Thirty years have now passed; some things have changed, and some things have not. On a recent observation of my very good friend the right honourable Sir Gregory Knight, I can see that he has certainly not changed over the last 30 years. However, his interest in this matter has continued, as has his interest in historic vehicles, in which we both have a great interest. His interest, which has now developed into this excellent measure, was indicated in 1989, when we were dealing with the Lords amendments during the passage of my Act. Incidentally, those were the days when Lords amendments were actually welcomed in the House of Commons. He said to me:

“I hope that my hon. Friend will agree that it is unreasonable to expect a motorist in a queue of traffic to stop at the barrier to read the information on the ticket before he drives under that barrier. Will my hon. Friend assure us that he proposes that this information will be displayed not only on tickets, but on signs that can be seen from a distance?”—[Official Report, Commons, 7/7/1989; col. 594.]


That was very much in advance but was certainly part of his whole interest in transparency and further information. When it came to this, his own Bill, he said:

“Motorists should have the certainty that when they enter a car park on private land, they are entering into a contract that is reasonable, transparent and involves a consistent process. Poor signage, unreasonable terms, exorbitant fines, aggressive demands for payment and an opaque appeals process … have no place in 21st-century Britain”.—[Official Report, Commons, 2/2/18; col. 1149.]


Of course, they had no place in 20th-century Britain either, but unfortunately they prevailed. Therefore, I very much welcome the Bill and I congratulate my noble friend Lord Hunt on his introduction of it today, as much as I welcome what my right honourable friend Sir Greg Knight has done.

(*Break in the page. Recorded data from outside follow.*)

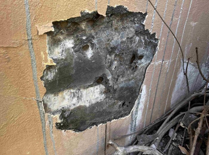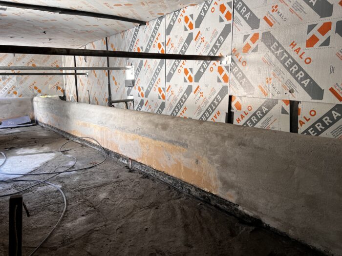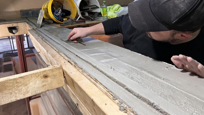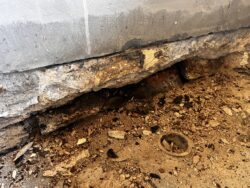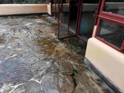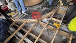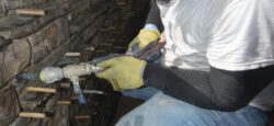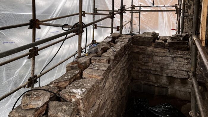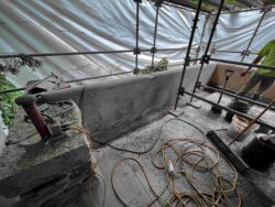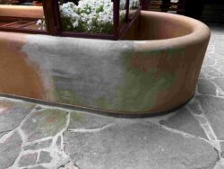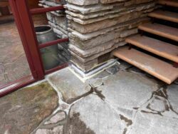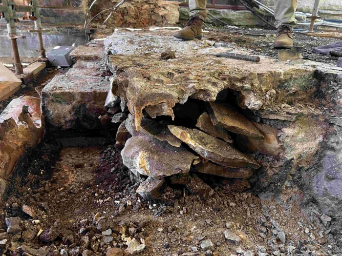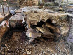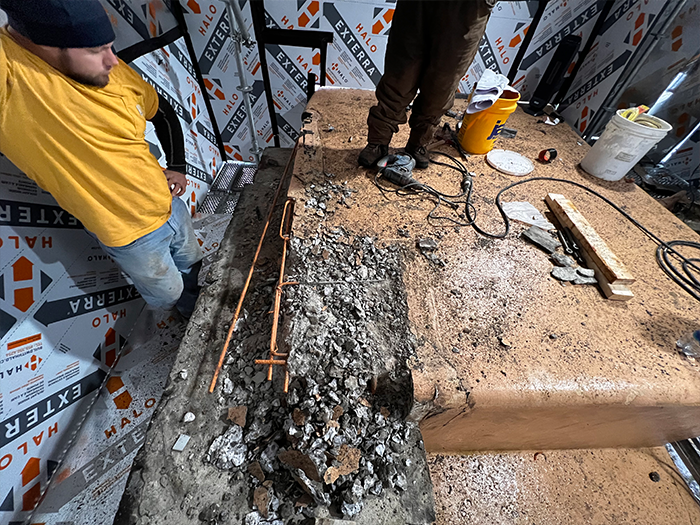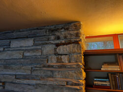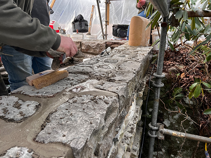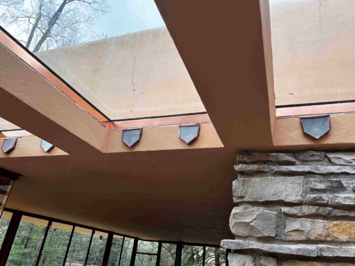 Although the majority of the Canopied Walkway is in good condition, the stone pier that supports the lower part of the canopy required significant repairs. Constructed of reinforced concrete, this element of Wright’s design is only four inches thick, and cracks have caused the steel reinforcing bars to become exposed to the elements. This exposure has allowed water to wick into the concrete, leading to the expansion and corrosion of the steel, which, when untreated, could potentially cause structural damage.
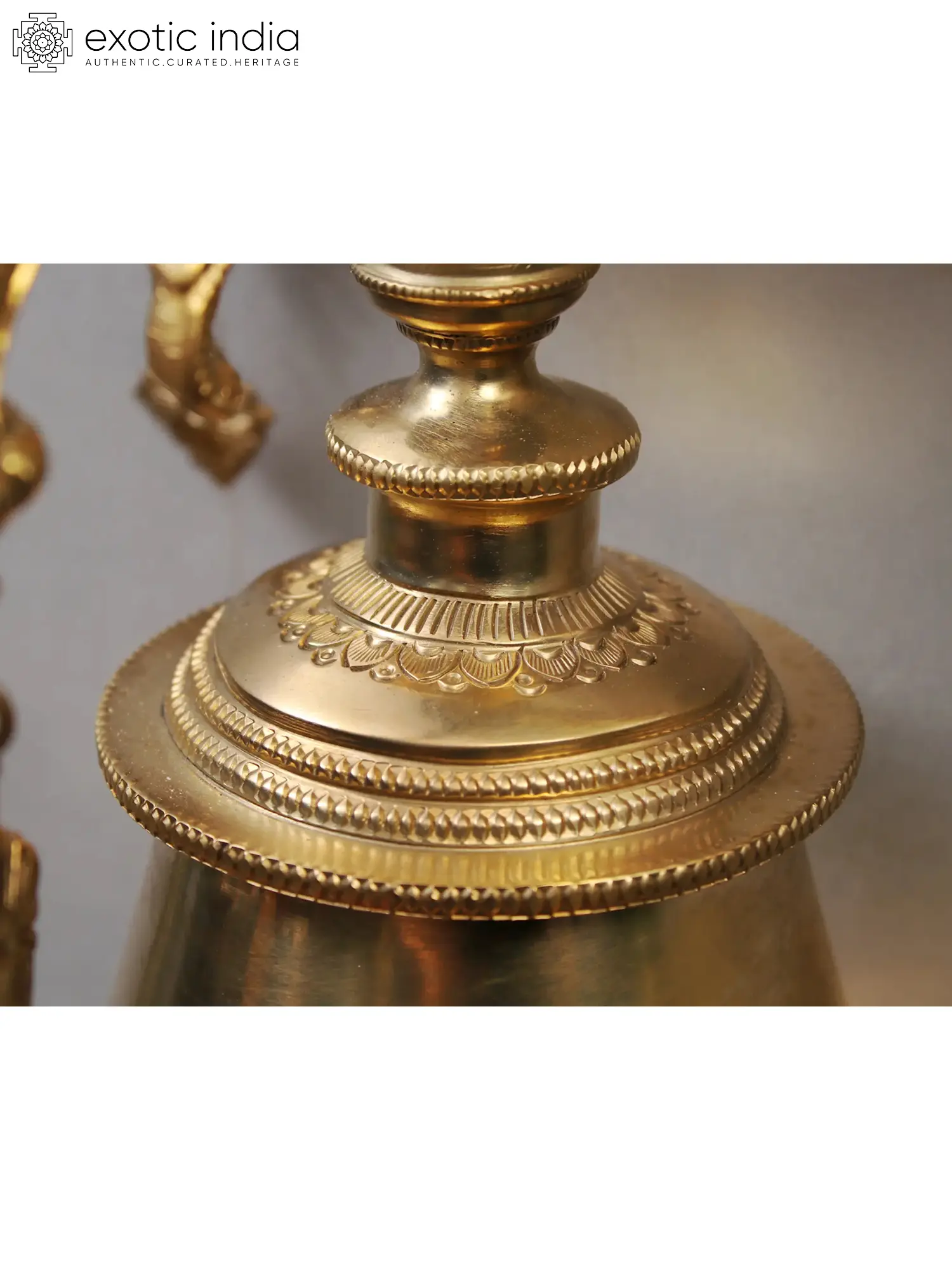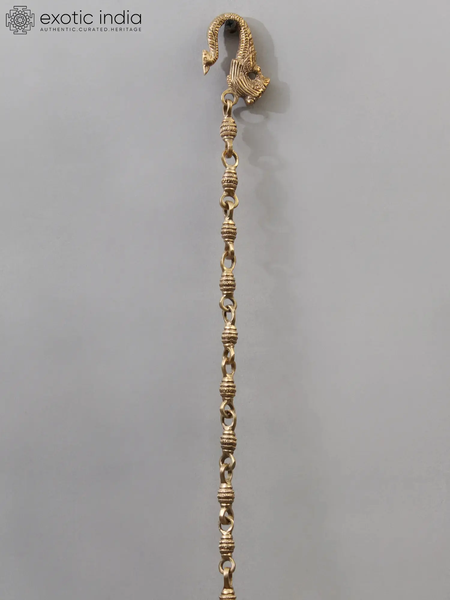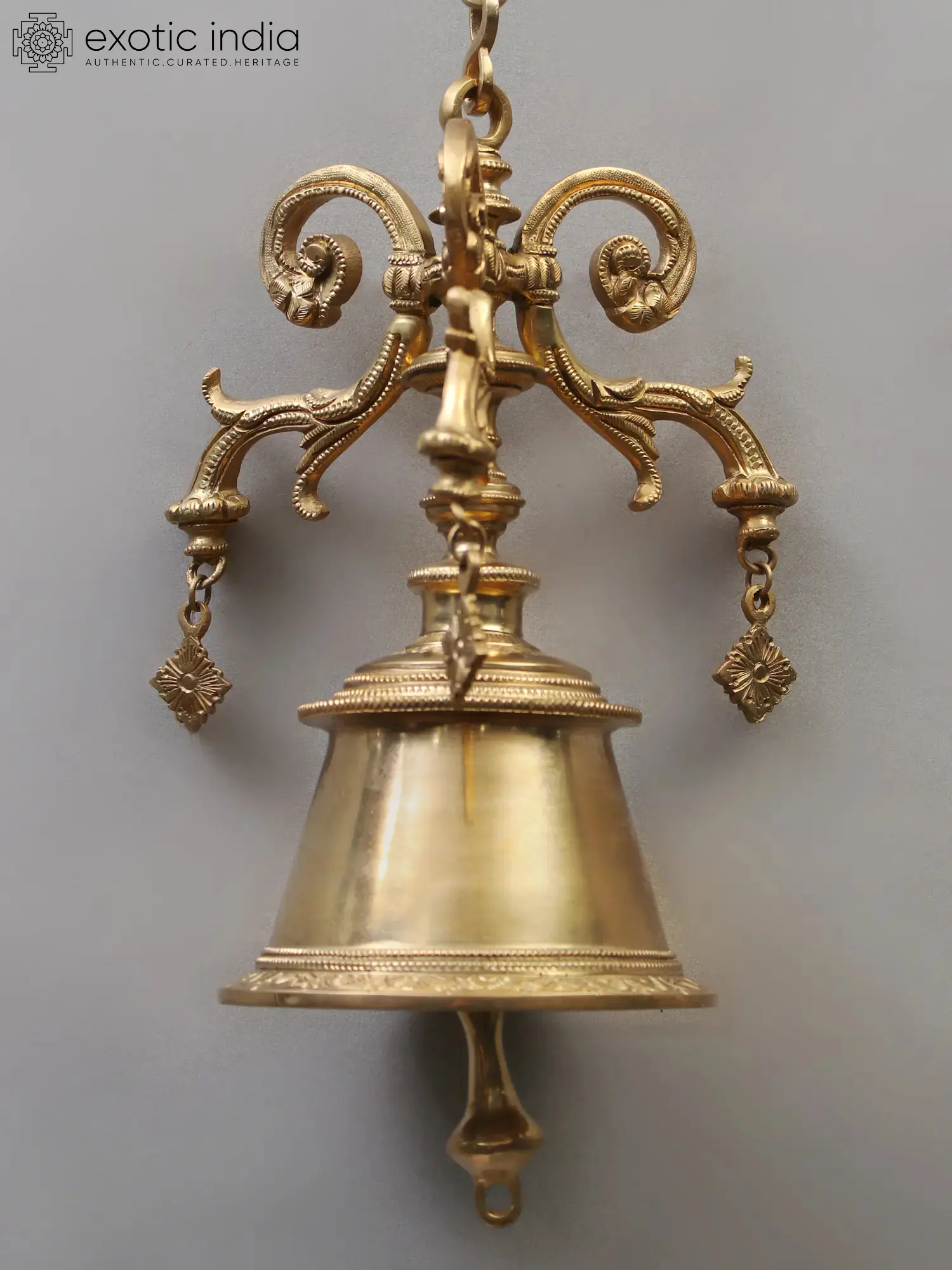 Rung to repel bad energy while attracting positive energy, brass bells are an important component of Hindu ceremonial rites. The round form of the bell represents infinity and completion. The sound of the bell is considered to reflect the primal sound of creation (Om), and it is seen as a kind of divine communication. This metal bell with curled vines on the surface is a great example of how planetary energy interacts with natural forces. The bells come with a robust interconnected chain for hanging. Placing this bell at a place of worship would not only help to harmonize heavenly forces, but it will also fill the environment with a sense of inspiration.
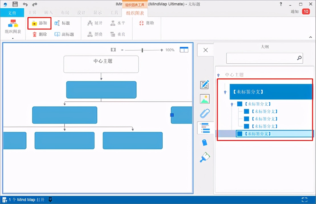 1.选中需要添加分支的主题,然后单击组织图表工具中的“添加”按钮,即可添加分支。
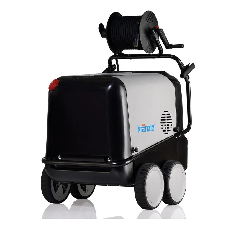 Kranzle Therm 1017 hogedruk warmwaterreiniger. De kranzle Therm 1017 beschikt over een 5,5 kW motor en is een robuuste en sterke hogedruk warmwaterreiniger voor het dagelijks schoonmaken. Tevens heeft deze reiniger een mechanische temperatuur regeling. Daarnaast heeft deze reiniger grote en sterke rubberen wielen voor het verplaatsen op ruw terrein.
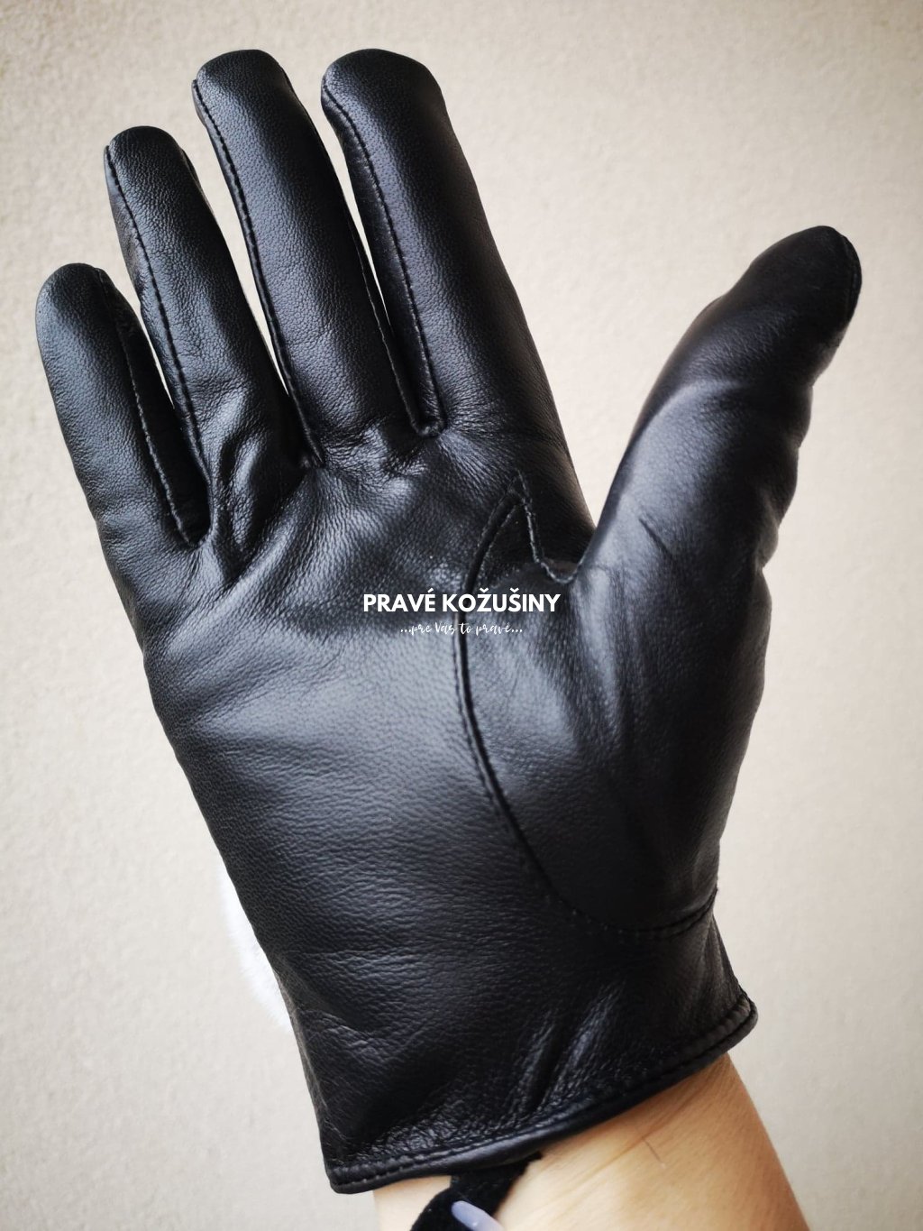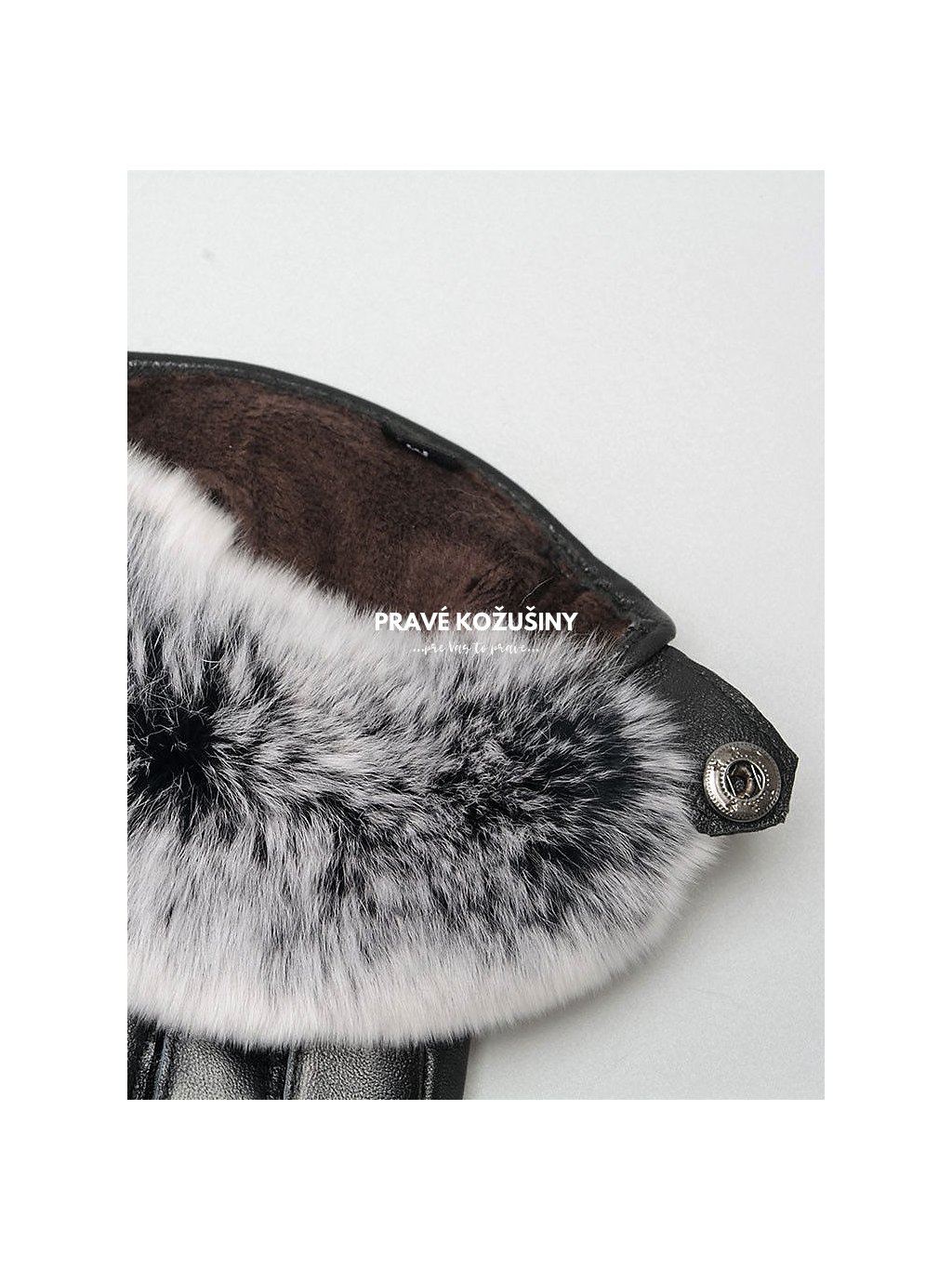 Čierne kožené prešívané rukavice s aplikácou z králika, R21
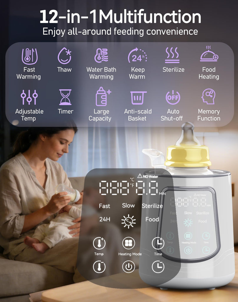 - Customizable Temp and Time:Precisely set your preferred temperature for warming milk,sterilizing,or heating baby food and maintain it for up to 24 hours.An great gift for new and busy parents,practical for precise,easy baby care

All this is terribly important in recognising the changes that have taken place over the last 30 years. Now we have some 38 million vehicles on the road; 19 million of them need to park virtually every day. When my Act went through there were substantially fewer—I think under 24 million vehicles—of which a much smaller proportion needed to move around and park each day. Public transport tended to be more the norm in those days; fewer people used their vehicles quite as regularly as they do now. Because there were neither those demands nor the demands on the planning arrangements, local authorities, for instance, and others who were building residential developments and office developments were not then under obligations, as they are today, to have parking taken into full consideration. The scene we had was therefore very different. As my noble friend said, wheel clamping, which was one of the most appalling things occurring on private land, was abolished through the 2012 legislation, which was a great development.

In 1989 we wanted a code of practice about the way in which people were allowed to offer parking facilities. Frankly, that was not totally successful, so I am particularly pleased to note that, as part of these provisions, there is a requirement for a new code of practice to be introduced. Of course, in a way these things are often voluntary, but I am pleased and heartened to know that the official parking agencies—the parking associations—all support not only this excellent Bill but the need to make sure that there are standard arrangements, good-quality parking facilities, and complete transparency with regard to the information provided to those who wish to park their cars.

I shall not go through individual items in the Bill, because in general I very much support it. It is taking things forward in the right way, and it is difficult for anyone to indicate lack of enthusiasm for those measures. I conclude by saying that, as far as I am concerned, whether it is 30 or 40 years or whatever, we are moving in the right direction. I hope that we will be able to provide the right facilities for the future for those who will not be moving their cars at all times but wish to ensure that, when they park them, they are safe and secure in doing so.